[[ DATA open ]]
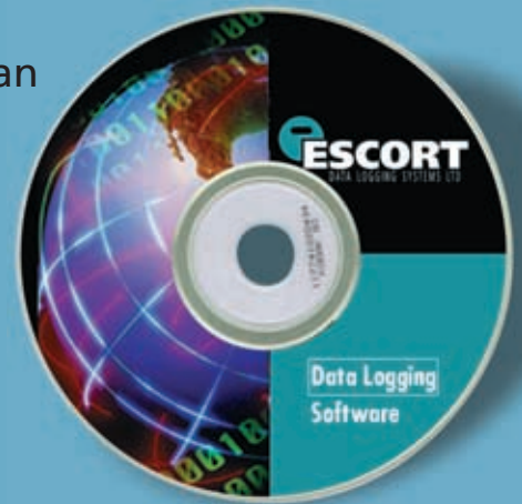
Easy-to-install Data Logging software
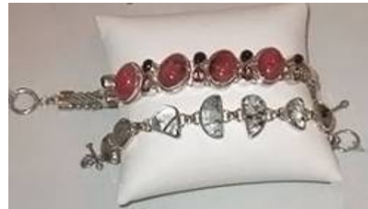
2 sterling silver bracelets Ref 238 ref 239
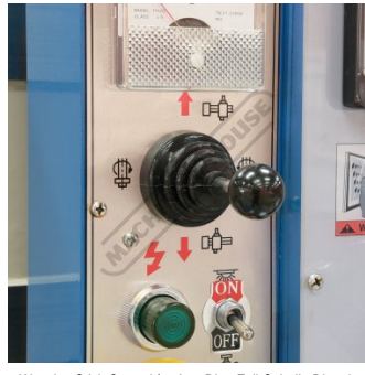
4 Way Joy Stick Control for Arm Rise-Fall-Spindle Direction
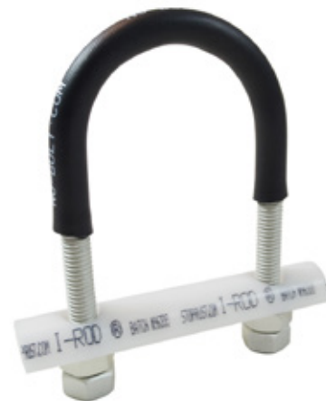
NU-BOLT ASSEMBLY IS THE MOST POPULAR INSTALLATION CHOICE I-Rod Adhesive can be used when bolting is not possible.
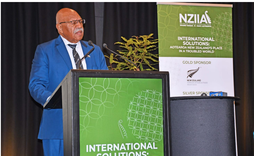
Prime Minister Sitiveni Rabuka spoke to members of the New Zealand Institute of International Affairs in Auckland during his recent State visit to New Zealand.

PRIME Minister Sitiveni Rabuka addressed members of the New Zealand Institute of International Affairs in Auckland recently where he emphasised the need to strengthen our international relations.
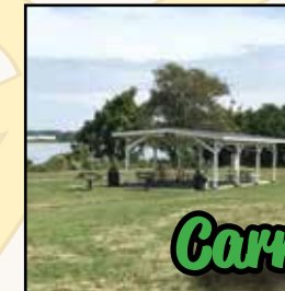
Carr Point Rec Area
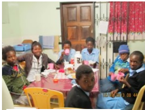
Spending the night before exams

Mission House: Home of our feeding program, Bible studies and temporary shelter for those in need, plus many other vital activities. Often, tailoring students will spend the night at the mission house before exams so that they can get in some additional study time before class. Three young Ethiopian refugees call this place "home", and there are many others who find this house a place of shelter where they can receive comfort and encouragement during their storms in life.
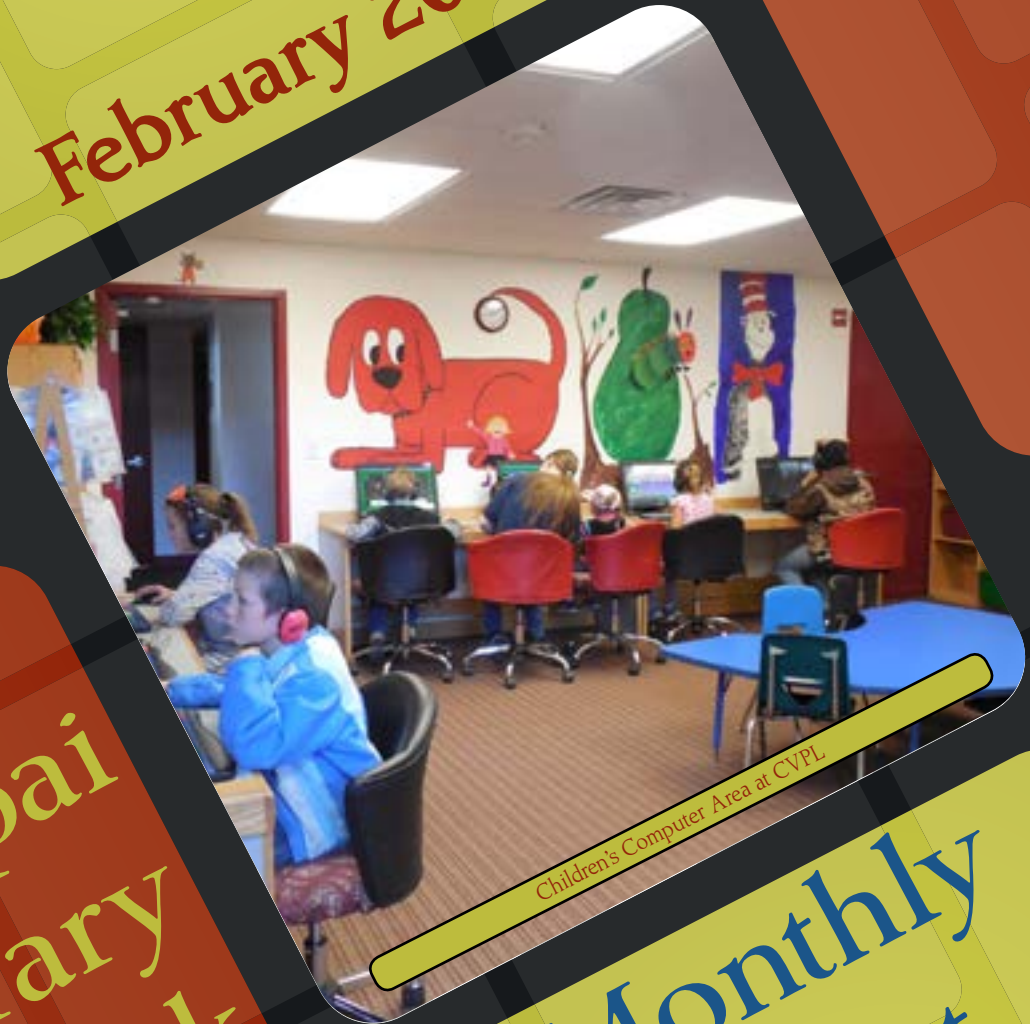
Children's Computer Area at CVPL
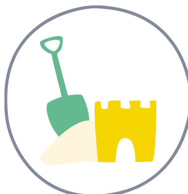
Making a sandcastle
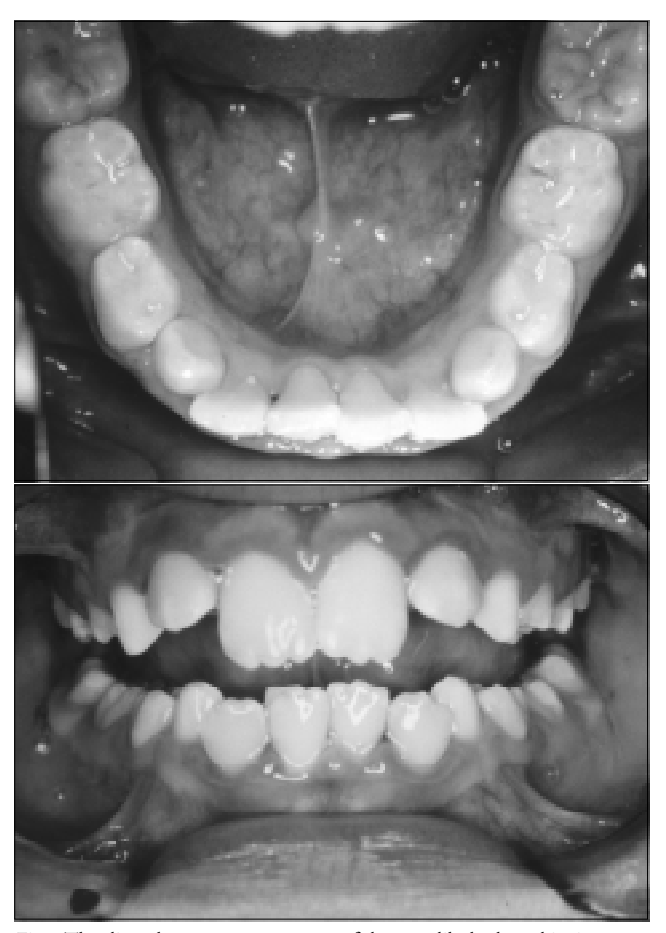
Fig1. The slipped contact arrangement of the mandibular lateral incisors

This incisor arrangement has been considered to have an undesirable effect on future development.<sup>7</sup> This is because no relief of incisor crowding is expected after the mandibular lateral incisors erupt.<sup>3</sup> Furthermore, no intercanine width increase is expected at the exchange of the primary for permanent canines.<sup>3-6,8</sup> We observed the course of slipped contacts over time, evaluating intercanine width, and found slipped contacts to have a desirable effect on future development. Theoretical explanations for these findings are presented, as well as clinical implications.
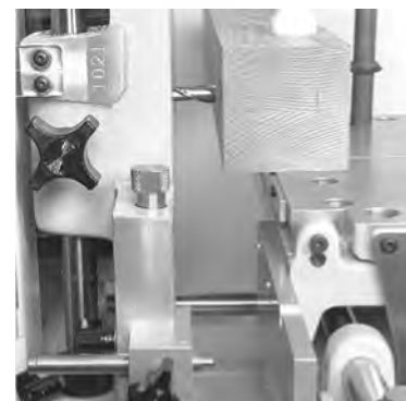
FIGURE 13. Set the vertical table to the desired position for your mortise for your mortise and lock the Z-Axis Table Lock.

• If you purchased a cased set of the MT Combo Templates, a space within the foam is available to store your Variable Stylus and extra bushings when not in use.
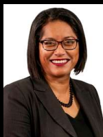
Barbara Edmonds MP for Mana, Chairperson of Finance and Expenditure Select Committee
[[ DATA closed ]]
TASK ITEM - Filter the records down to the lines that contain the string "Area", and copy those lines.

ANSWER TO THIS PROBLEM -
Carr Point Rec Area
Children's Computer Area at CVPL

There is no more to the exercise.